Glad I found this thread as I'm just starting the same process on my 322. Great information here. Bearings from Doug Peck.










I notice here that the front and center bearings are full length. Did I read correctly that the replacements are only 1/4" long? It would be nice to have exact replacements.


----------



## alaft61ri (Oct 11, 2019)

Yes thats what he told me i even sent a pic to him of the original parts and that what he sold me know the bushing were the gear goes wear armature goes in there r two different sizes. I also had one problem the od and id werent exactly right so i took it to work ground the od to orignal size. Then i pressed bushing in and got the ridght reamer and treamed the i f to size. I have some left i will take a pic of them . i replaced bushings in my 322 to. 
Al


----------



## alaft61ri (Oct 11, 2019)

My chassie is different mine has the sit smoke in tender my axle goes thru the gear.


----------



## AFGP9 (Apr 8, 2015)

Nice job on the 322! looks better then new Al. 

Kenny


----------



## alaft61ri (Oct 11, 2019)

Doug Oconnor said:


> Glad I found this thread as I'm just starting the same process on my 322. Great information here. Bearings from Doug Peck.
> 
> View attachment 548281
> 
> ...


Here is the pic of the bushings.


----------



## AF-Doc' (Dec 21, 2013)

Thanks Al, I really hope I don't have to modify the bearings at all. I did notice the geared axle is the same as the diesels stepped axles. pa10006 and the front and middle ones are plain with no step pa10005. Was your center bearing worn as well?


----------



## alaft61ri (Oct 11, 2019)

Yes i replaced them all.


----------



## AF-Doc' (Dec 21, 2013)

Yes that is the best way I guess as the 322 is already broken down to it's basics.


----------



## AF-Doc' (Dec 21, 2013)

I found these at portlines.com and stocked up. I try to make sure that a least one is on the worm end of the armature and that one of the sizes will center the armature to the field winding as close as possible. 

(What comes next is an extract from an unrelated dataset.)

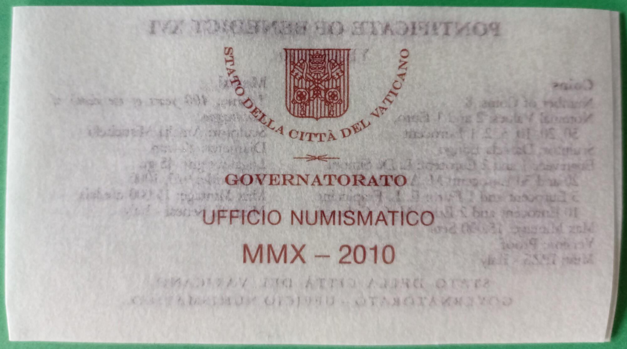 Serie Monete proof Vaticano Anno 2010
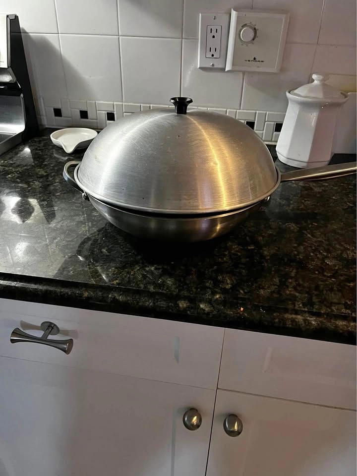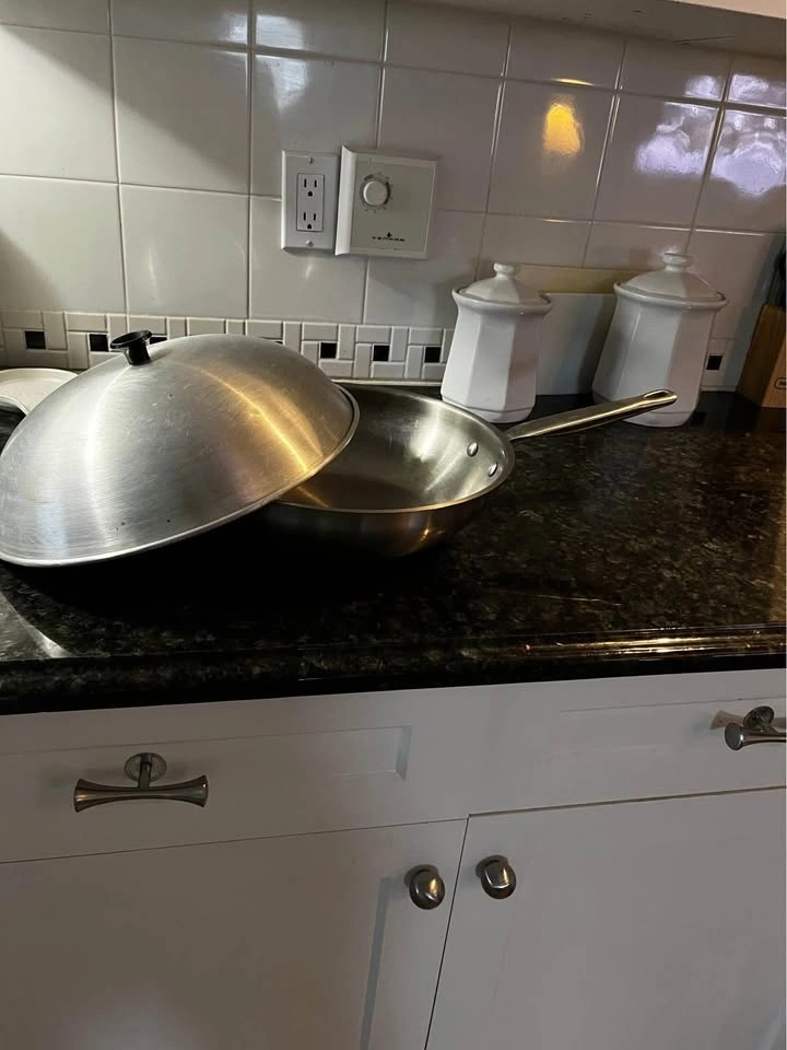 Stainless steel sauté pan with matching lid. Gently used and in good condition. Clean, sturdy, and perfect for everyday cooking—great for sautéing, frying, or simmering. No dents or damage, just normal light wear from use. Pick up in Brighton Jan 5 1 pm NES7

WASHERS2085 PA10766-005WASHER, Armature Thrust (.005") Steam​*$0.75*​WASHERS2086 PA10766-010WASHER, Armature Thrust (.010") Steam​*$0.50*​WASHERS2087 PA10766-020WASHER, Armature Thrust (.020") Steam​*$0.50*​

You know with the wealth of knowledge that is here maybe a sticky thread of " Tips, Tricks and Custom Tools " would be fun and educational?


----------



## AF-Doc' (Dec 21, 2013)

Al, a sweet 322 Hudson, very nice work indeed.


----------